§ **Problem to solve**
Copy all records exactly, excluding images.

(Beginning of Extracted data)

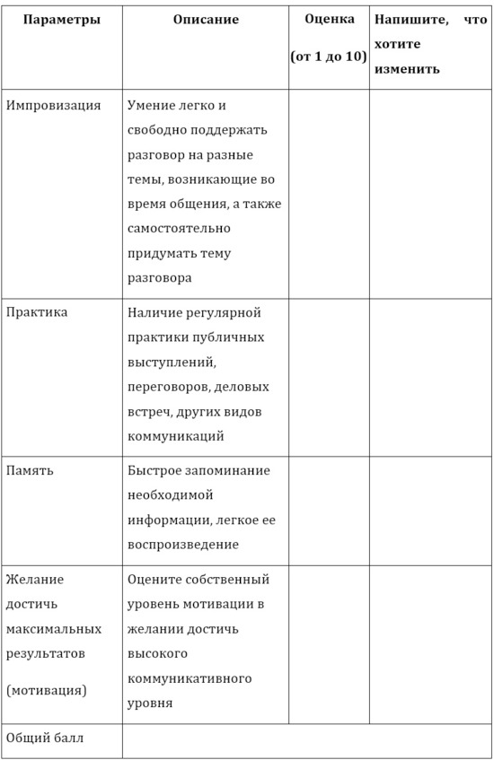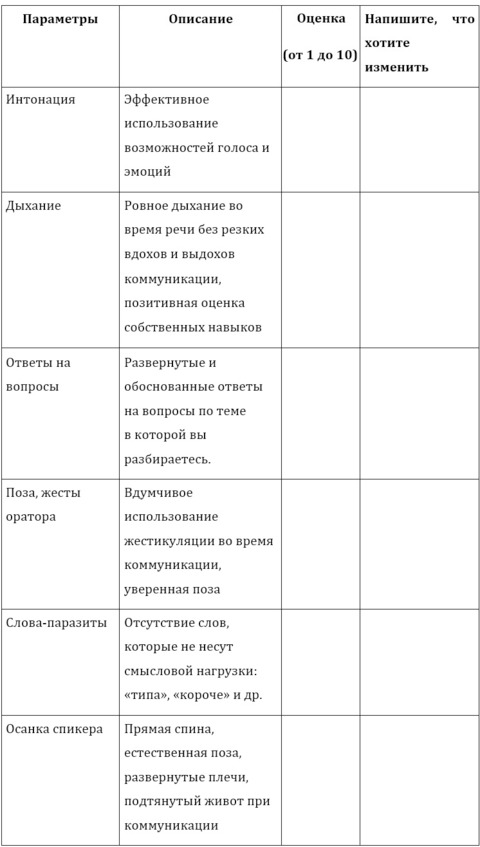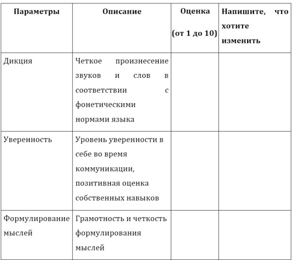 Перед тем как перейти к основным главам, выполните предварительное упражнение – заполните представленную ниже таблицу, честно поставьте баллы в графе «Оценка». Вернитесь к этой таблице после того, как прочтете книгу и выполните упражнения. Еженедельно оценивайте свою речь по указанным параметрам, ведите «Дневник роста» – и вы убедитесь, что достигаете видимых результатов.
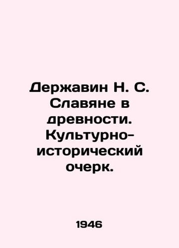 N. S. Derzhavin Slavs in Antiquity. A Cultural and Historical Essay. In Russian (ask us if in doubt)/Derzhavin N. S. Slavyane v drevnosti. Kul'turno-istoricheskiy ocherk.. description: In Russian (ask us if in doubt).Moscow Academy of Sciences of the USSR. 1946. 216 p. We have thousands of titles and often several copies of each title may be available. Please feel free to contact us for a detailed description of the copies available. SKUalbaf3afecb1059a3c2
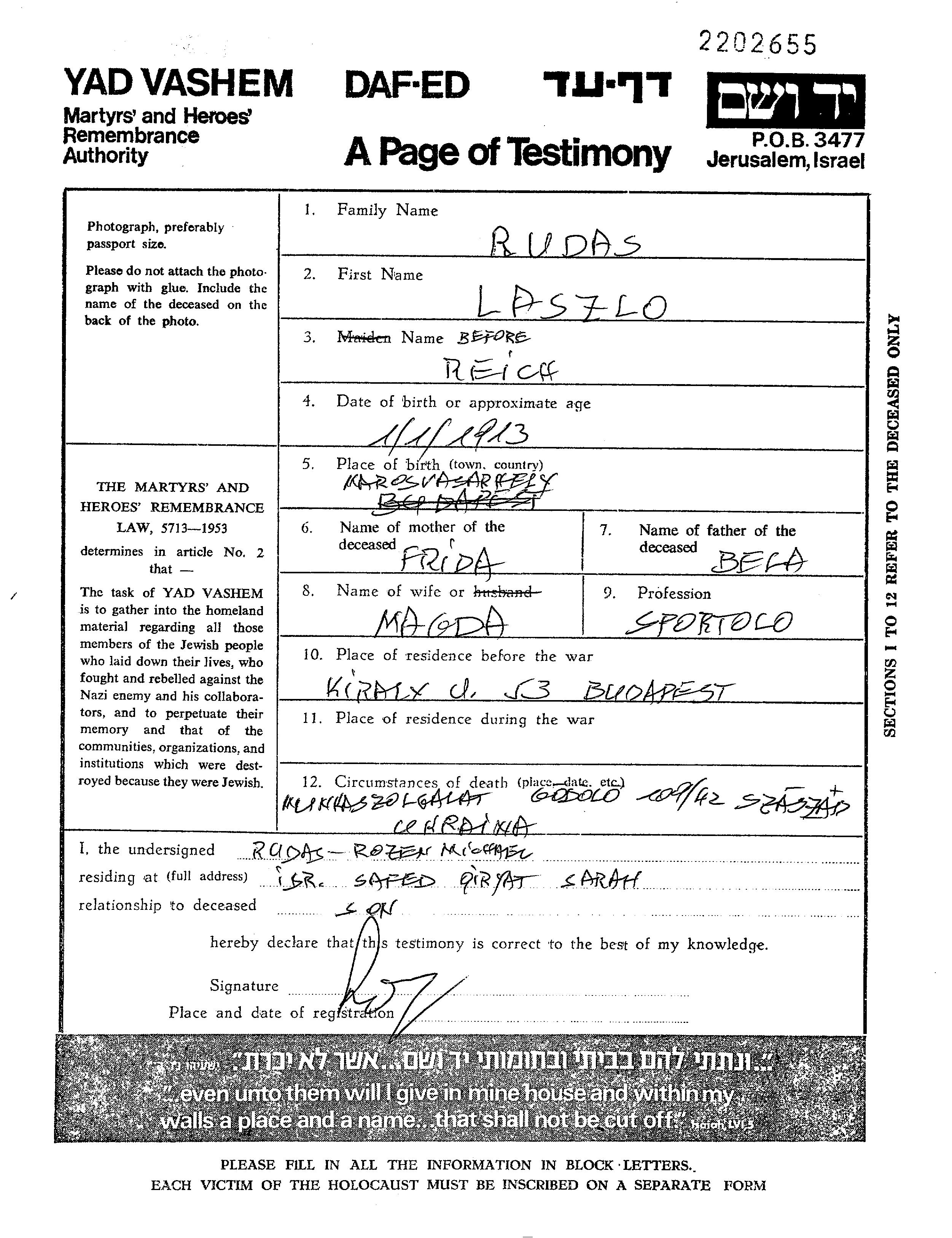 Ласло Рейх Рудаш, место рождения: Тыргу-Муреш, Румыния. Спортсмен. Место жительства до войны: Будапешт, Венгрия.
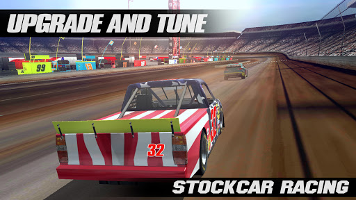 Stock Car Racing is an oval-focused racer with added dirt and stunt-truck events, offering nearly 300 cars, 6 tracks with variants, multiple modes (multiplayer, championship, endurance, hot lap), realistic physics with crash damage, and deep car upgrades and livery customization.
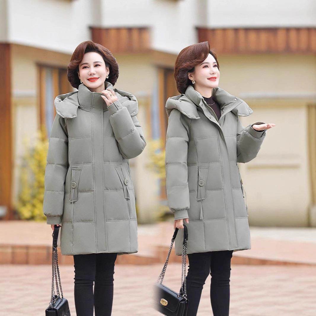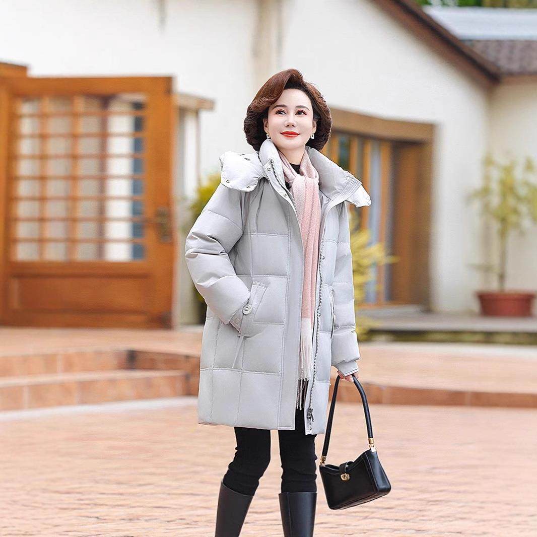 中8309年妈妈款羽绒服女冬装中长绒加厚中老年女羽帽连保暖外套防
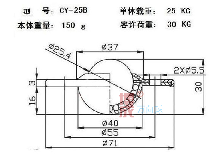 Thicken flying dish wheel CY - 25B ball ball bearing one inch bull eye ball ball wheel WB - 01 conveys bull eye wheel
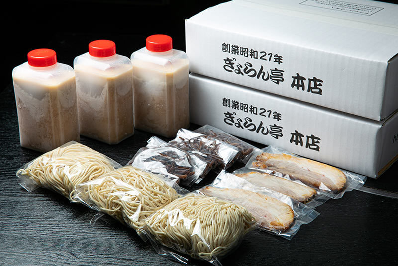 全国の皆様にぎょらん亭の"十割ラーメン"をお召し上がりいただきたく、この度全国配送が始まりました。ぎょらん亭名物、ド豚骨100%のストレートスープをそのまま冷凍しておりますので、ご自宅にてお店そのままの味をお召し上がることができます。

(End of Extracted data)

§ **Written reply**
 Перед тем как перейти к основным главам, выполните предварительное упражнение – заполните представленную ниже таблицу, честно поставьте баллы в графе «Оценка». Вернитесь к этой таблице после того, как прочтете книгу и выполните упражнения. Еженедельно оценивайте свою речь по указанным параметрам, ведите «Дневник роста» – и вы убедитесь, что достигаете видимых результатов.
 N. S. Derzhavin Slavs in Antiquity. A Cultural and Historical Essay. In Russian (ask us if in doubt)/Derzhavin N. S. Slavyane v drevnosti. Kul'turno-istoricheskiy ocherk.. description: In Russian (ask us if in doubt).Moscow Academy of Sciences of the USSR. 1946. 216 p. We have thousands of titles and often several copies of each title may be available. Please feel free to contact us for a detailed description of the copies available. SKUalbaf3afecb1059a3c2
 Ласло Рейх Рудаш, место рождения: Тыргу-Муреш, Румыния. Спортсмен. Место жительства до войны: Будапешт, Венгрия.
 Stock Car Racing is an oval-focused racer with added dirt and stunt-truck events, offering nearly 300 cars, 6 tracks with variants, multiple modes (multiplayer, championship, endurance, hot lap), realistic physics with crash damage, and deep car upgrades and livery customization.
 中8309年妈妈款羽绒服女冬装中长绒加厚中老年女羽帽连保暖外套防
 Thicken flying dish wheel CY - 25B ball ball bearing one inch bull eye ball ball wheel WB - 01 conveys bull eye wheel
 全国の皆様にぎょらん亭の"十割ラーメン"をお召し上がりいただきたく、この度全国配送が始まりました。ぎょらん亭名物、ド豚骨100%のストレートスープをそのまま冷凍しておりますので、ご自宅にてお店そのままの味をお召し上がることができます。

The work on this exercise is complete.